Senior BJP leaders Yashwant Sinha and L. Ganesan at a meeting held in Chennai on Wednesday. Photo: S.R. Raghunathan

Flaying the foreign policy flip-flops of the Congress-led United Progressive Alliance (UPA) for letting the Sri Lankan Tamils issue come to such a pass, BJP leader Yashwant Sinha on Wednesday said India should abstain from the Commonwealth Heads of Government Meeting (CHOGM) to be held in Colombo in November.

Addressing a meeting to express solidarity with the Tamil cause, organised by the BJP’s Tamil Nadu unit, Mr. Sinha said while there could be no Commonwealth without India, the big question was whether the Prime Minister would muster the courage to inform the Commonwealth Secretary General that India would not attend the summit to protest against Sri Lankan atrocities on Tamils, which according to reports, were continuing even four years after the war ended.

Mr. Sinha said India had failed to raise complaints of human rights violations in Sri Lanka with the ministerial action group of CHOGM that could suspend, if not expel, a member country for such transgressions, just as it had failed to address the issue through the U.S.-sponsored resolution in the UNHRC.

According to his view, India should have framed its own resolution instead of playing second fiddle to the United States.

Accusing the Rajapaksa government of making “triumphalism its guiding principle”, Mr. Sinha said India should hold Sri Lanka to its commitment to implement the 13th amendment to its Constitution; conduct free and fair elections in the Northern and Eastern Provinces; agree to an independent probe by an external agency on the charges of gross violation of human rights; and extract an unequivocal commitment to punish those guilty of genocide during the war.

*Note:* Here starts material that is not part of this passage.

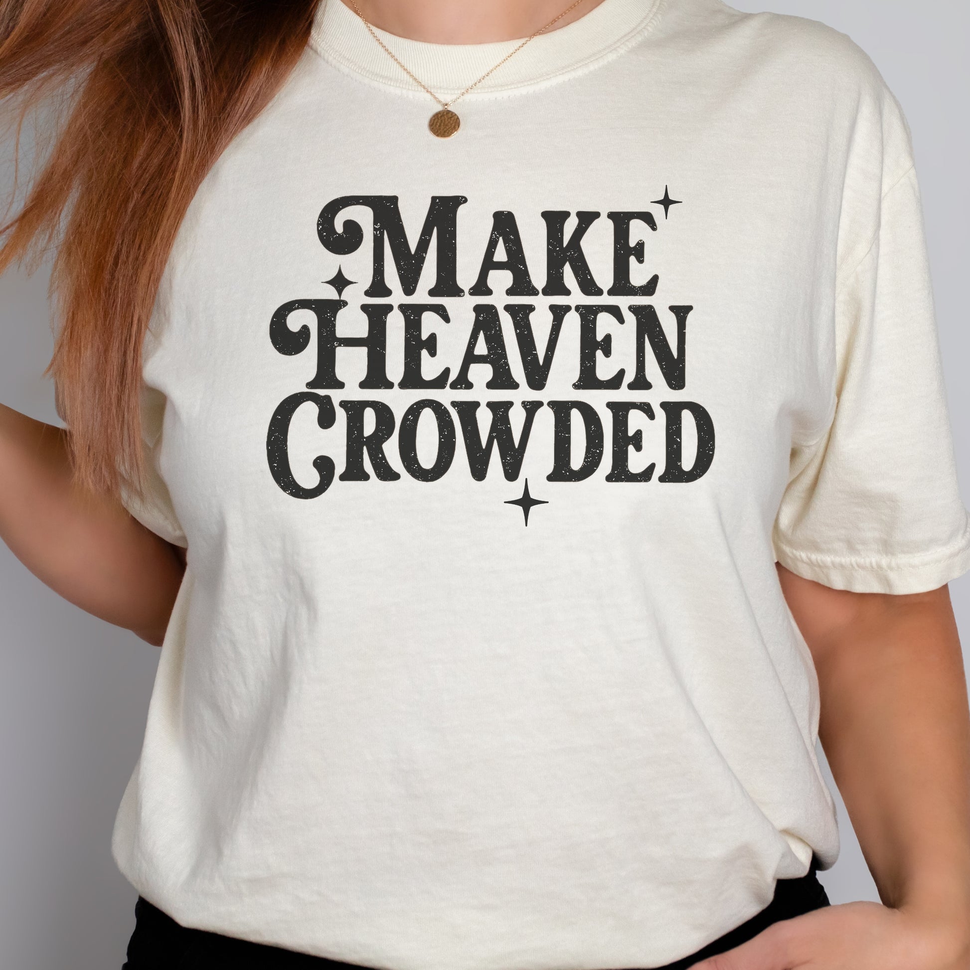 This vintage-style tee makes a bold faith statement with its distressed black lettering and retro font: Make Heaven Crowded. Whether you're at church, youth group, or running errands, it's a reminder of what matters most — and a chance to spark something bigger.

According to Mr. Sinha, India, under the UPA, had always been “apologetic” about raising the Tamil cause because of two mistaken beliefs — that a harsh stand on Sri Lanka would open the doors for China in the region and that being vociferous about atrocities on Tamils would raise international clamour on Jammu and Kashmir. Arguing that “friendships are not founded on appeasement but rather on mutual trust”, he said that as a result of the Indian government’s policy of appeasement, “the Chinese were all over the place”. Further, the Sri Lankan issue was at worst an internal strife, while the J&K situation was “external aggression” sponsored by Pakistan and the two were completely different, he said.